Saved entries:
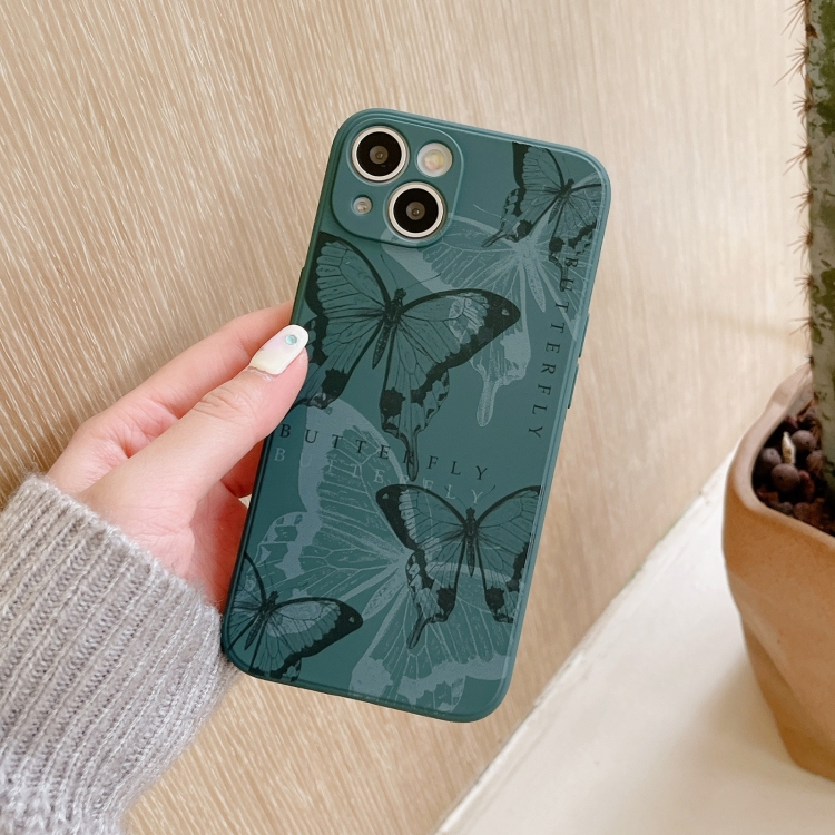 Funda para teléfono iPhone 11 Pro Max Side Pattern Magic TPU (Mariposas Verdes)
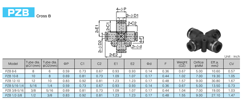 PZB8-6,PZB10-8,PZB12-10,PZB5/16-1/4,PZB3/8-5/16,PZB1/2-3/8,PISCO快速接頭
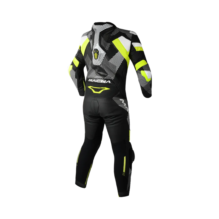 Macna Ignite jest jednym 1-częściowy skórzany stojak dla kierowców biegających ciężko i szybko w czasie upałów. Opiera się bezpośrednio na doświadczeniach MotoGP i jest prawie całkowicie wykonany Perforowana, wysokiej jakości skóra orzechowa, wzmocniony Dynamiczny rozciąganie i siatka 3D dostarczyć Maksymalna wentylacja i wolność ruchu Bez kciuka na bezpieczeństwo.
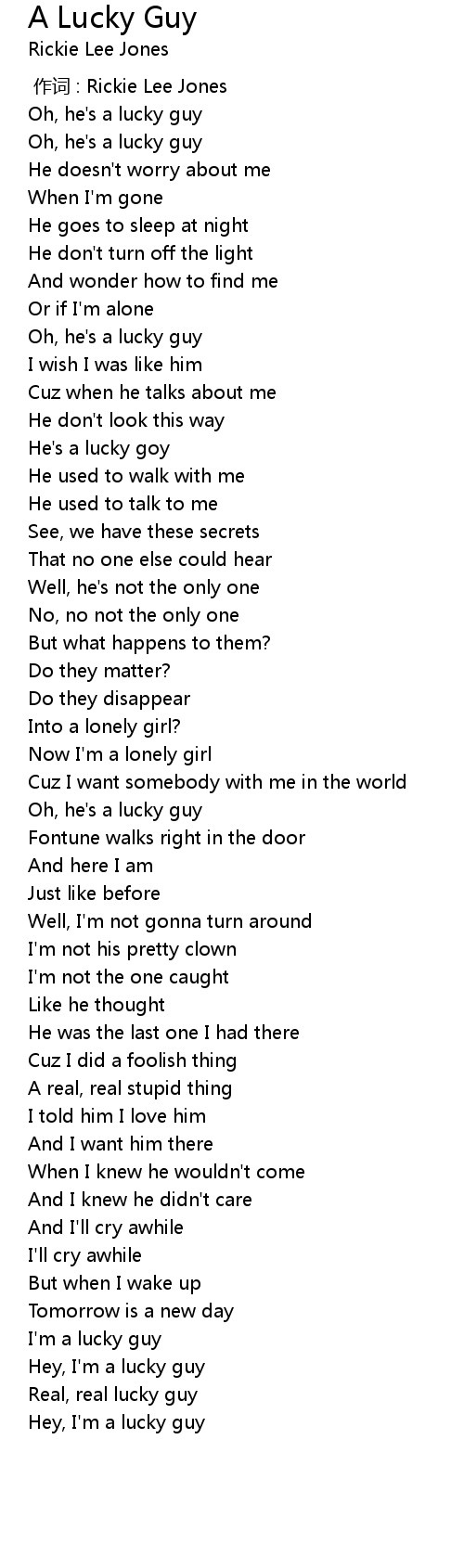| [00:38.50] | Oh, he's a lucky guy |
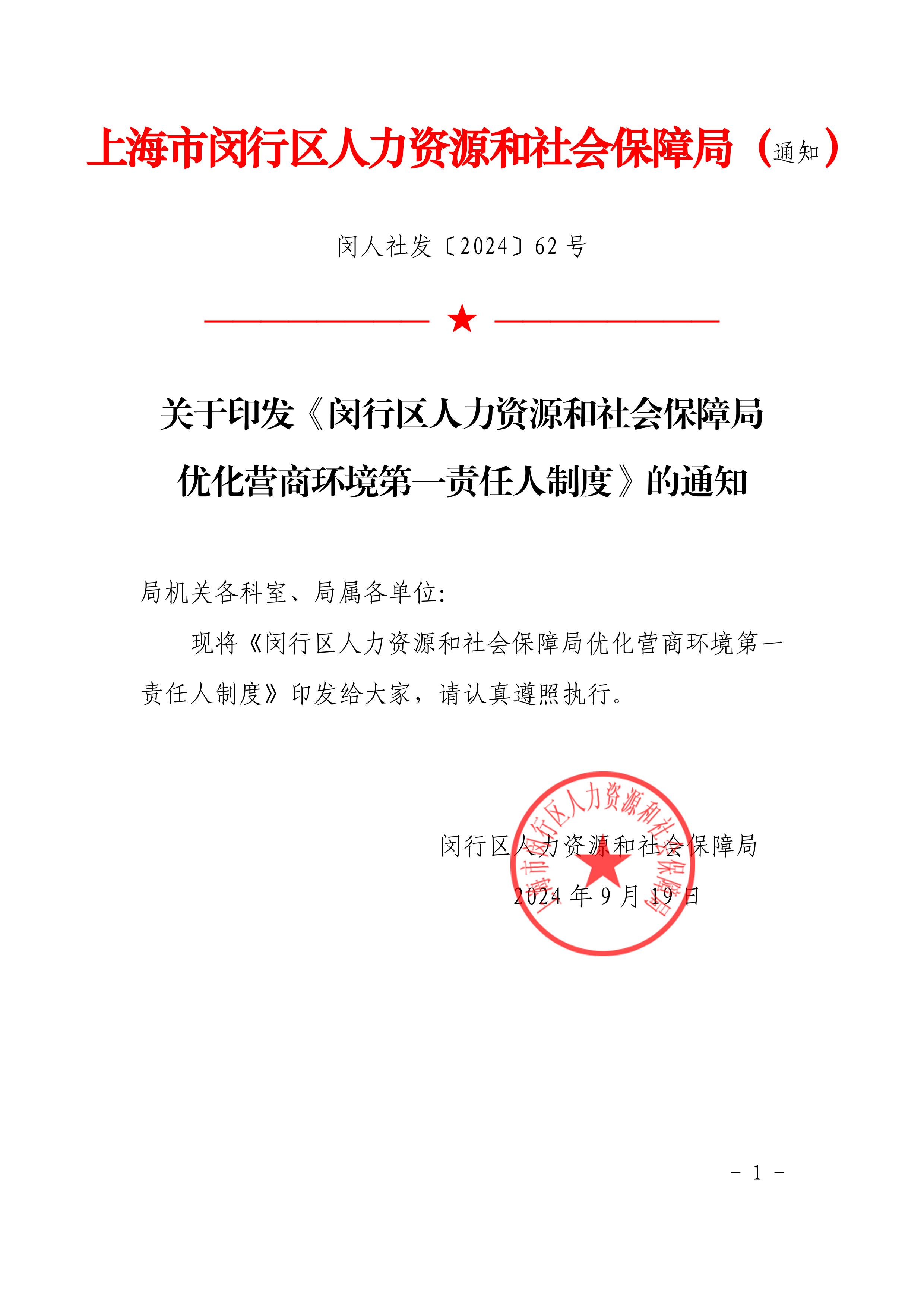 关于印发《闵行区人力资源和社会保障局优化营商环境第一责任人制度》的通知
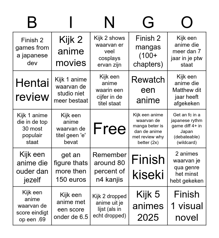This bingo card has a free space and 24 words: get an figure thats more then 150 euros, Kijk een anime met een score onder de 6.5, Kijk een anime waarin een cijfer in de titel staat, Kijk een anime waarvan de score eindigt op een .69, Kijk een anime die meer dan 7 jaar in je ptw staat, Finish 2 games from a japanese dev, Hentai review, Kijk 2 anime movies, Kijk een anime waarvan de manga beter is dan de anime met review why better (2x), Remember around 80 percent of n4 kanjis, Rewatch een anime, Kijk 1 anime die in de top 30 most populair staat, Finish kiseki, 2 animes waarvan je qua genre het minst hebt gekeken, Kijk 1 anime waarvan de studio niet meer bestaat, Kijk 5 animes 2025, Get an fc in a japanese rythm game diff 4+ in Japan (debateable)(wildcard), Kijk 2 shows waarvan er veel cosplays ervan zijn, Kijk een anime die Matthew dit jaar heeft afgekeken, Kijk een anime waarvan de titel geen 'e' bevat, Finish 1 visual novel, Kijk een anime die ouder dan jezelf, Finish 2 mangas (100+ chapters) and Kijk 2 dropped anime uit je lijst (als in echt dropped).
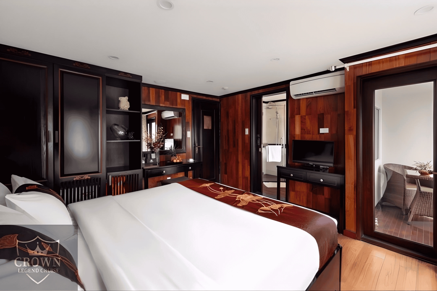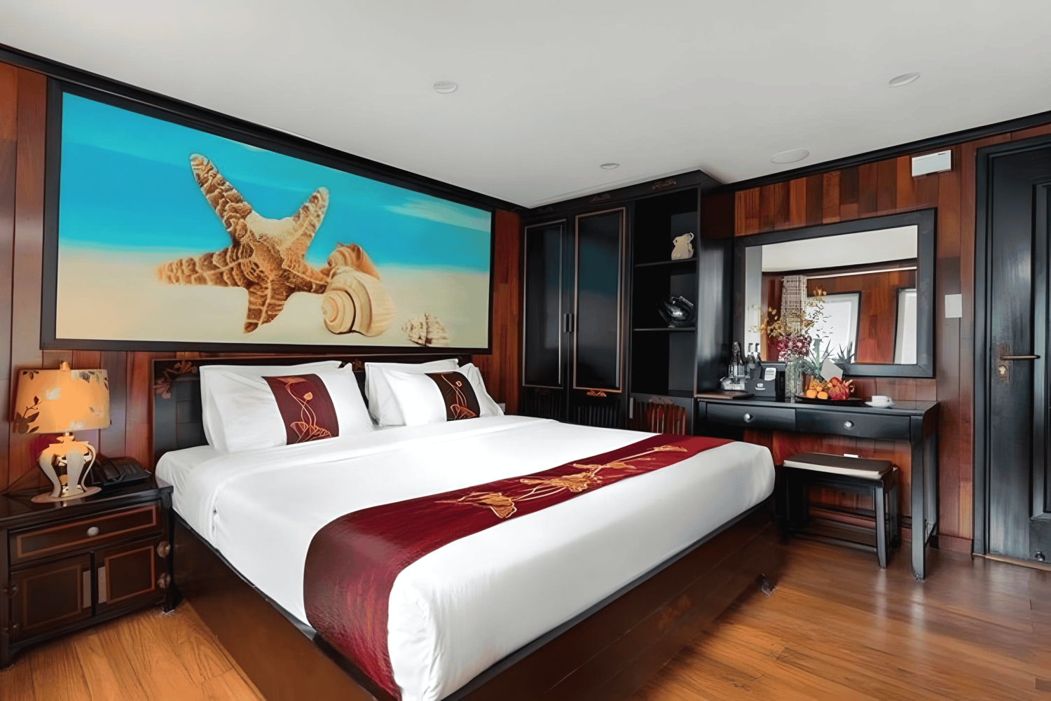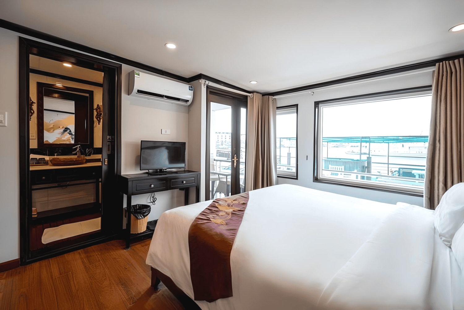 Jantar x 1 Café da manhã x 1 Almoço x 2 Água engarrafada Chuveiro com entrada e água quente, banheiro privativo. Banheira para cabines tipo suíte Banheiro com todas as comodidades, mediante solicitação WIFI GRATUITO na área pública do cruzeiro e no escritório do cruzeiro Todas as refeições e ingressos para todas as atividades Caiaque/Barco de bambu, natação na praia, aula de culinária, aula de Tai Chi, bebidas no happy hour Traslado de ida e volta de Hanói a Halong (3 horas de viagem em rodovia com ônibus/limusine) Ingresso/Admissão - Caverna Sung Sot, Ilha Ti Top, Caverna Luon, Baía de Ha LongEasy cancellation
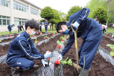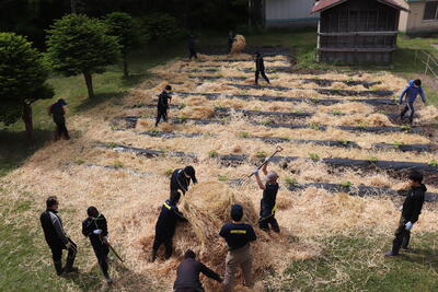 栽培にあたって、元肥・土おこし作業、雑草防止の麦わらまきなどは地域・保護者の協力も得ています。
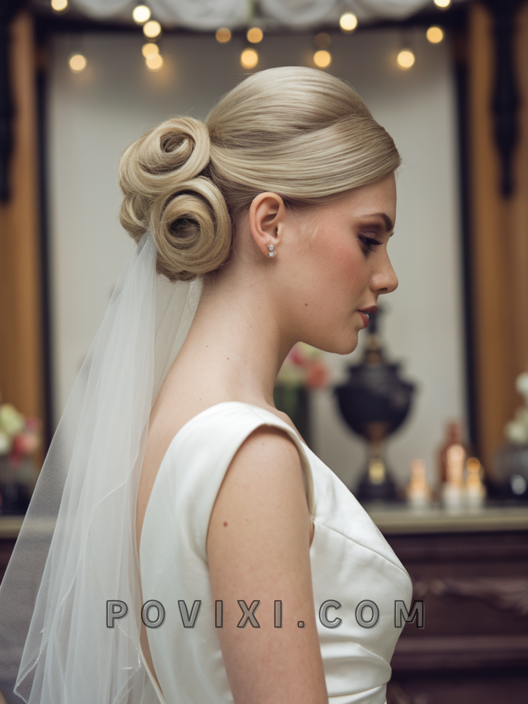 It’s especially flattering for oval or heart-shaped faces and works beautifully with a veil or statement earrings. This look is ideal for evening ceremonies or formal receptions, and its understated elegance ensures you’ll stand out without looking overdone.
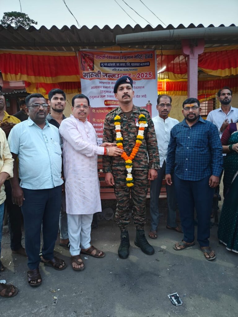 नंदन जाधव यांचा कृतज्ञता सन्मान सोहोळा हनुमान जयंतीच्या दिवशी आयोजित करण्यात आला होता. सैन्यदलातील सेवेबद्दल ग्रामस्थांच्यावतीने नंदन जाधव यांना कृतज्ञता सन्मानपत्र प्रदान करण्यात आले.यावेळी ग्रामस्थ मोठ्या संख्येने उपस्थित होते. राष्ट्रवादी ( अजित पवार ) गटाचे तालुकाध्यक्ष जयेश शेलार, गोऱ्हे उपसरपंच व तेली समाज युवक अध्यक्ष अनिल खिलारे,मिठाराम बोंद्रे,ग्रामस्थ धनेश पाटील,रमेश पाटील,यांनी मनोगत व्यक्त केले तर कार्यक्रमाचे सूत्रसंचालन रोहिदास कासार यांनी केले.

* _Your objective_
Only the lines from the one with "Jantar x 1 Café" through the end of the data, both ends included, should be written out exactly, and no pictures should appear.

* _Exercise solution_
 Jantar x 1 Café da manhã x 1 Almoço x 2 Água engarrafada Chuveiro com entrada e água quente, banheiro privativo. Banheira para cabines tipo suíte Banheiro com todas as comodidades, mediante solicitação WIFI GRATUITO na área pública do cruzeiro e no escritório do cruzeiro Todas as refeições e ingressos para todas as atividades Caiaque/Barco de bambu, natação na praia, aula de culinária, aula de Tai Chi, bebidas no happy hour Traslado de ida e volta de Hanói a Halong (3 horas de viagem em rodovia com ônibus/limusine) Ingresso/Admissão - Caverna Sung Sot, Ilha Ti Top, Caverna Luon, Baía de Ha LongEasy cancellation
 栽培にあたって、元肥・土おこし作業、雑草防止の麦わらまきなどは地域・保護者の協力も得ています。
 It’s especially flattering for oval or heart-shaped faces and works beautifully with a veil or statement earrings. This look is ideal for evening ceremonies or formal receptions, and its understated elegance ensures you’ll stand out without looking overdone.
 नंदन जाधव यांचा कृतज्ञता सन्मान सोहोळा हनुमान जयंतीच्या दिवशी आयोजित करण्यात आला होता. सैन्यदलातील सेवेबद्दल ग्रामस्थांच्यावतीने नंदन जाधव यांना कृतज्ञता सन्मानपत्र प्रदान करण्यात आले.यावेळी ग्रामस्थ मोठ्या संख्येने उपस्थित होते. राष्ट्रवादी ( अजित पवार ) गटाचे तालुकाध्यक्ष जयेश शेलार, गोऱ्हे उपसरपंच व तेली समाज युवक अध्यक्ष अनिल खिलारे,मिठाराम बोंद्रे,ग्रामस्थ धनेश पाटील,रमेश पाटील,यांनी मनोगत व्यक्त केले तर कार्यक्रमाचे सूत्रसंचालन रोहिदास कासार यांनी केले.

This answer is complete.